/ 18 April 2020

SAA business-rescue practitioners offer severance settlement agreement for all staff

South African Airways
Practitioners inform staff that the government’s rejection of R10-billion bailout last week almost guarantees that the prospect of rescue is now impossible

A severance settlement proposal from business-rescue practitioners at embattled airline SAA will all but shut down the business, but labour representatives at the airline are of the view it can still be saved if drastic measures are taken.

At least one union thinks that insourcing all services at SAA — including cleaning aircraft, baggage handling and even downgrading of overnight accommodation for pilots and cabin crew — would go a long way towards reducing costs that have seen the airline crippled. 

Part of the counterplan also includes moving SAA staff who work on SAA domestic routes to SAA subsidiary Mango in a bid to save jobs. Mango is set to take over SAA’s domestic routes.

In a settlement agreement sent to eight different groups representing workers at Airways Park on Friday afternoon, SAA business-rescue practitioners Les Matuson and Siviwe Dongwana say the government’s decision to reject a R10-billion bailout request last Friday means it is unlikely that SAA will be rescued.

Their spokesperson, Louise Brugman, said they would not comment on whether the agreement was signed; the next move would be to apply to the courts for business rescue to be rescinded and replaced with voluntary liquidation of the airline. 

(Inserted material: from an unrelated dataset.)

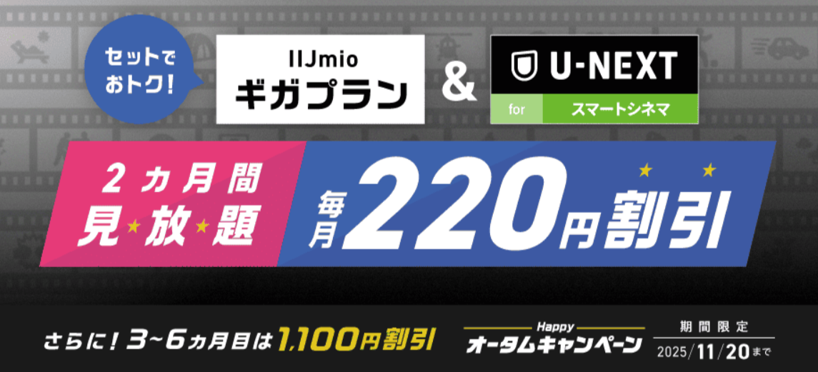 | オプションセット割引 | 終了日未定 | ギガプラン利用中に【U-NEXT for スマートシネマ】を契約すると①最大2ヵ月無料、②3~6か月は月額料金1,100円割引(11/20まで)、③オプションセット割引で月額220円割引 |

President Cyril Ramaphosa and his Cabinet have mandated Public Enterprises Minister Pravin Gordhan to present a report on SAA, and it is expected that the report will include several options regarding a way forward. 

Gordhan and Finance Minister Tito Mboweni have been at odds over whether the government should continue to fund SAA’s restructuring — which is being costed at R7.6-billion — and also help the airline deal with the effects of the Covid-19 pandemic, which has grounded the airline industry. 

Mboweni has made no bones about the fact that SAA, which has received a total of R31.7-billion in cash bailouts and government guarantees in the last five years and is set to receive R16.5-billion until 2023, cannot continue to weigh so heavily on the government. 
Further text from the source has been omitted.